In 2004, Lori Grinker shared more of her indelible images of war. Taken aboard the USNS Comfort, a floating hospital that was stationed in the Gulf to treat coalition forces and injured Iraqis, her photos are a poignant and honest reminder of the deep human suffering of war. In her own words Grinker recounts the stories of her subjects, some of the more than 650 wounded that were treated aboard the ship and of the doctors and nurses who worked to salvage bodies and lives. Grinker says, “It’s quite upsetting to see what the war machine does to these human beings. And that’s what the pictures represent for me: the human cost of war.”

About Lori Grinker

Lori Grinker began her photographic career in 1981 while a student at Parsons School of Design when Inside Sports published her photo-essay about a young boxer as its cover story. During that time she met another young boxer, 13 year-old Mike Tyson, who she documented for the following decade. Since then, in addition to her reportage of events such as the destruction of the World Trade Center, she has delved into several long-term projects, and published two books: The Invisible Thread: A Portrait of Jewish American Women, and Afterwar: Veterans From A World In Conflict.

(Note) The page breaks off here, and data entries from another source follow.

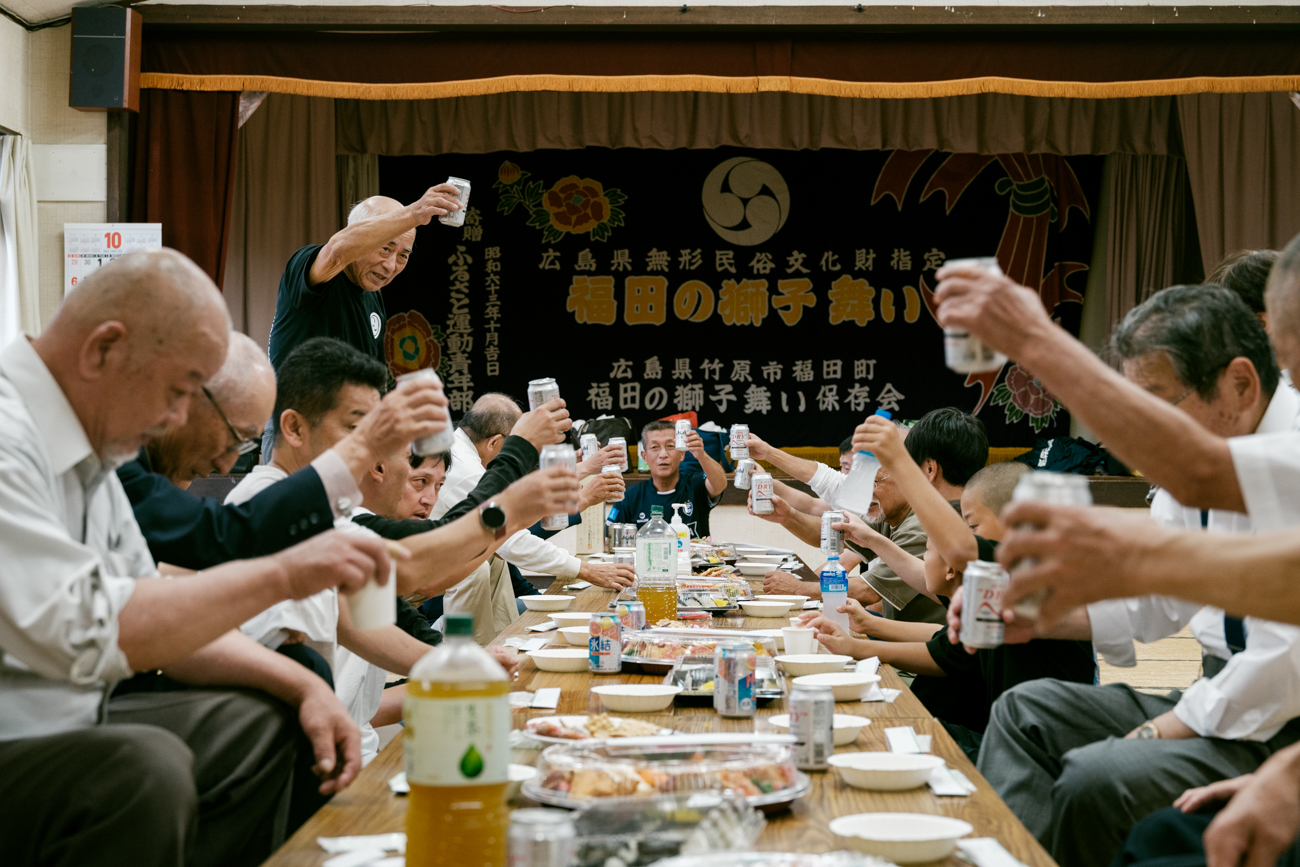 저녁부터는 ‘후쿠다 사자춤 보존회’와 축제 총대 분들이 모여 연회가 열렸습니다. 참가자들에게 연회도 축제의 일부입니다. “무사히 개최할 수 있어서 다행이다” “올해도 아이와 함께 참여할 수 있어서 좋았다”는 안도의 목소리가 여기저기서 들리며 성취감이 감돌았습니다.
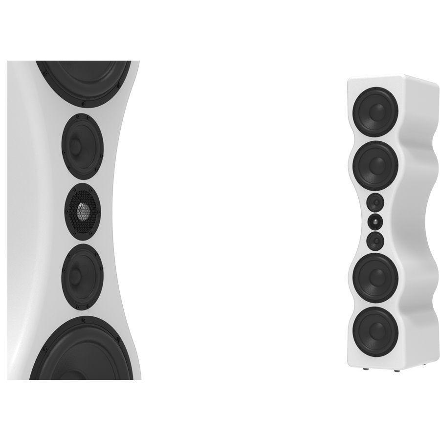 主动式3路分频设计,5个独立腔室,落地式音箱,采用多层MDF复合板材专利空间结构。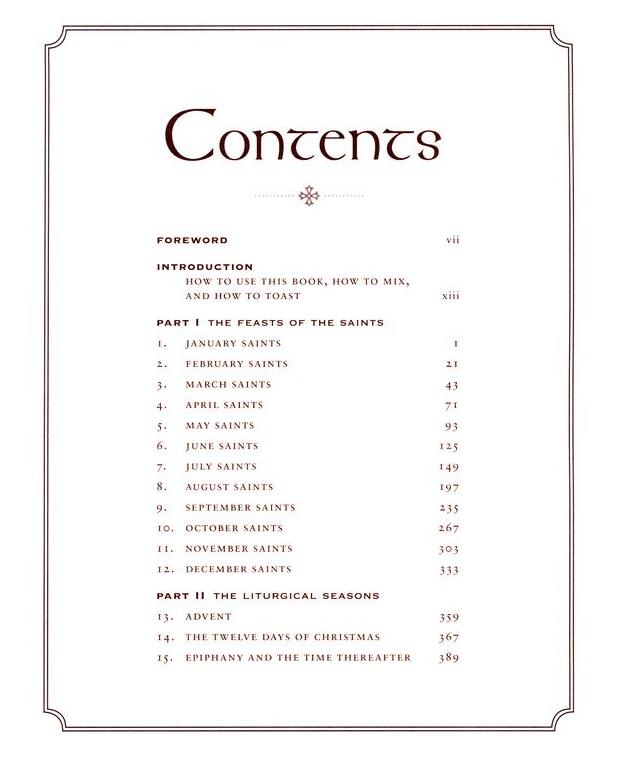 Recipe for a liturgically correct cocktail: mix Bartender’s Guide and Lives of the Saints, shake well, garnish with good cheer. Drinking with the Saintsis a concoction that both sinner and saint will savor.

Published in major magazines, her work has earned international recognition, garnering a World Press Photo Foundation Prize, a W. Eugene Smith Memorial Fund fellowship, the Ernst Hass Grant, The Santa Fe Center for Photography Project Grant, and a Hasselblad Foundation Grant, among others. Her photographs have been exhibited in solo and group exhibitions around the world and are in many private and museum collections including: The International Center of Photography (ICP), The Jewish Museum in New York City, The Museum of Fine Arts, Houston, and The San Francisco Museum of Modern Art.

Between editorial assignments and personal projects, Grinker lectures, teaches workshops, and is on the faculty of the ICP in New York City. She is represented by the Nailya Alexander Gallery in New York and has been a member of Contact Press Images since 1988.